The House of Sharing (나눔의 집, Nanum-ui jib) is a nursing home for living comfort women in Seoul, South Korea. The House of Sharing was founded in June 1992 through funds raised by Buddhist organizations and various socio-civic groups. The original location was a dilapidated, more traditional Korean-style rental house in Hyehwa-dong in Seoul. With continued private funding and a notable donation of private land from prominent Buddhist businesswoman Cho Yong-ja, a spacious, modern compound was completed in December 1995. The 'comfort women' were relocated to the new building located in Gwangju, Gyeonggi, on the outskirts of Seoul, in February 1996. The House of Sharing includes “The Museum of Sexual Slavery by Japanese Military” to spread the truth about the Japanese military's brutal abuse of comfort women and to educate descendants and the public.

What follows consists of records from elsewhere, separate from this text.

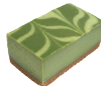
抹茶起司磚 3x5 40入/盒 (25g) (素) (宅)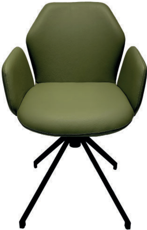
Art.-Nr. 21 26 184 Bezugsmaterial: Leder TOLEDO „Apple green“ Gestell Spinnenfuß: Schwarz gepulvert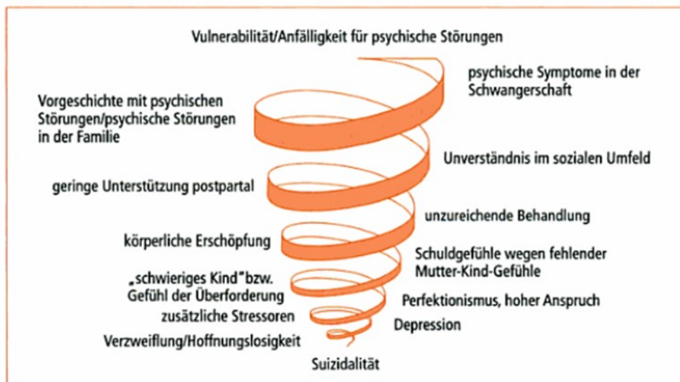
Abb. 1 Depressive Spirale bei postpartalen Depressionen 50

Der Insuffizienztyp führt mit zunehmender Hoffnungslosigkeit immer tiefer in eine depressive Spirale hinein und kann zur Chronifizierung neigen, wenn er unbehandelt bleibt.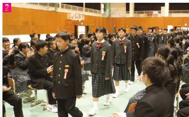
1 名前を呼ばれ元気に返事をする新入生 35 名 2 保護者や在校生に迎えられ堂々と入場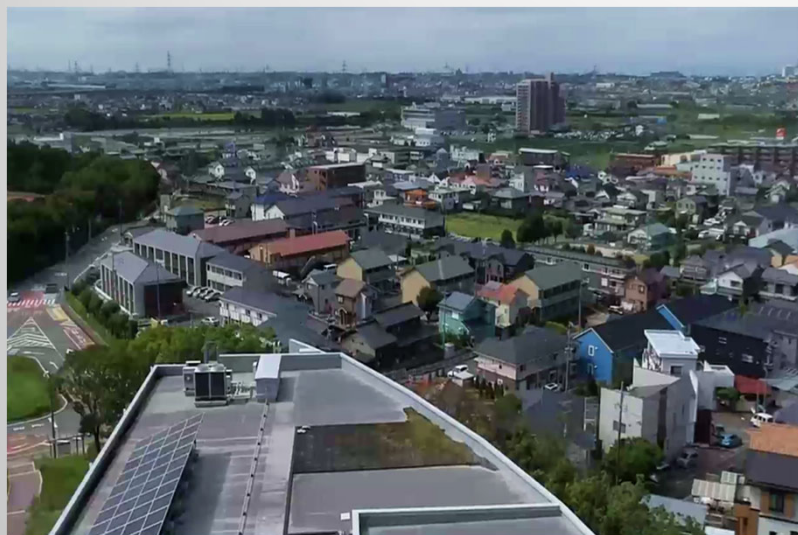
大学キャンパスからみる井ヶ谷町

第 40 回町内運動会 人口約 6000 人 昼間人口+ 5000 人(最大数)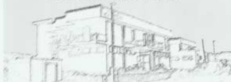
Comunità Terapeutica "Fratello Sole" SEDE OPERATIVA "GIANCARLO BRASCA"

Lazzati, a lanciare una raccolta di fondi che permise il successo dell'iniziativa. L'attività terapeutica per la cura dei giovani vittime della droga è oggi una realtà operativa e viene svolta da personale altamente qualificato nelle sedi di Gioia del Colle (Ba), Santa Severa (Rm), e la nuova comunità di Tolfa dove è stato appunto trasferito, ulteriormente potenziato, il Centro di Formazione Giancarlo Brasca.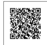
接種券の発行申請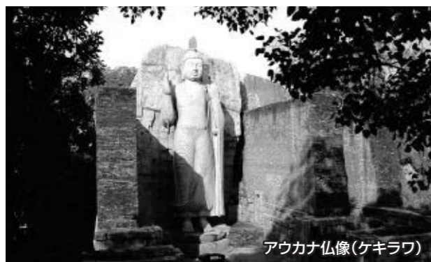
アウカナ仏像(ケキラワ)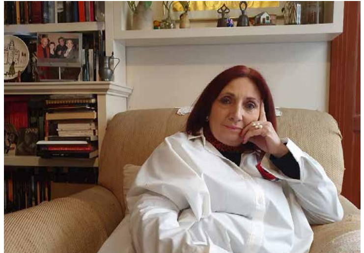
Desde 2013, Marisol Schulz es la Directora General de la Feria Internacional del Libro de Guadalajara.

Eso ya te da un abanico de posibilidades enorme, porque 2 300 casas editoras te brindan catálogos editoriales diversos, en todos los formatos y de todas las latitudes. Así que la posibilidad de lectura se multiplica por 400 mil, como visitante ese recorrido por los stands de la feria vale la pena. Además, para todas aquellas personas que nos visiten por primera ocasión o bien, los que sean asiduos visitantes a la FIL de Guadalajara, tienen que consultar el programa para ver qué se está ofreciendo, ya que la feria nunca es la misma, año con año la feria cambia, es una feria completamente diferente, el Invitado de Honor cambia y los programas literarios son diferentes, ya que, aunque tengan el mismo nombre, los galardonados o invitados son distintos, por lo que tienen otras intenciones las actividades. Tenemos áreas temáticas como el Salón del Cómic y la Novela Gráfica, tenemos el Pabellón Gastronómico Libros al Gusto, tenemos FIL Niños, FIL Joven que es un espacio con actividades para jóvenes, todo esto habla de que lo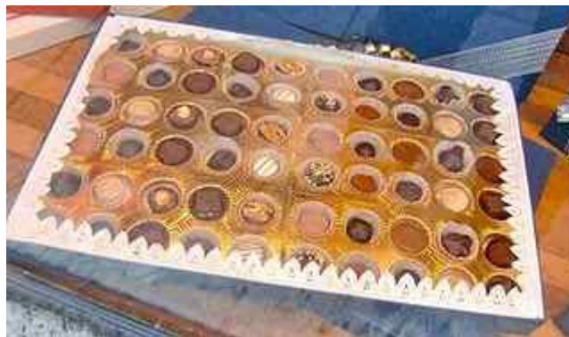
Litt info om Pasticceria Follis HER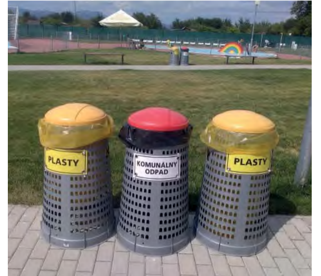
Odpad musíme triediť aj na kúpalisku! K dispozícii je množstvo nádob označených príslušnými nápismi.

Tak trochu náhodou som bola skontrolovať vrecia s odpadom, ktoré sa odvážajú z letného kúpaliska Letka a s ním úžasom som musela skonštatovať dve veci: „Na kúpalisku v sezóne najmenej môjho odpadu“ a „Na kúpalisku sa naozaj dosť zle triedi odpad“.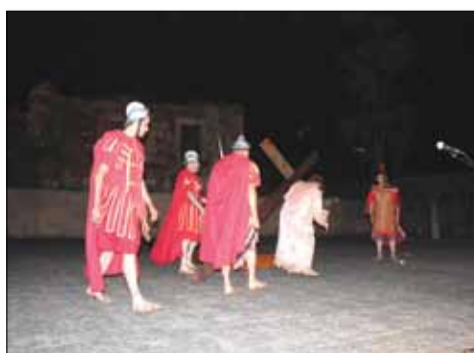
Noite UP'S Braga, 23-24 Maio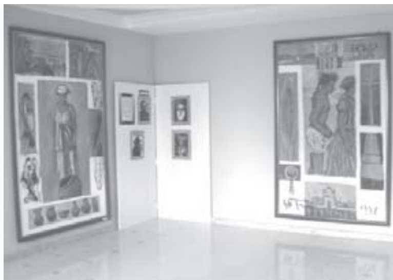
Telas em exposição no Museu do Homem Sergipano. (à esq.) Xocó . Óleo sobre eucatex. Elias Santos, 1996. Acervo Museu do Homem Sergipano; (à dir.) Xocó . Óleo sobre eucatex. Bené Santana, 1996. Acervo Museu do Homem Sergipano.

da capitania da Bahia, cede as 50 léguas de terra doadas, onde estava incluído Sergipe. É importante destacarmos que Sergipe pertencia à capitania da Bahia, do domínio de Coutinho pai, e passa para outro, o rei de Portugal, apresentado por Montalvão de forma didática como “avô”.

The House of Sharing offers art therapy programs for its residents. In 2017, a memorial and exhibition hall opened on the grounds of the House of Sharing. It includes a space to showcase the artwork surviving comfort women have made.

Survivors who live or have lived at the House of Sharing include Kang Duk-kyung, Kim Soon-duk, and Kim Bok-dong. The 'comfort women' who live at the House of Sharing are known for participating in the weekly protest, the Wednesday Demonstration.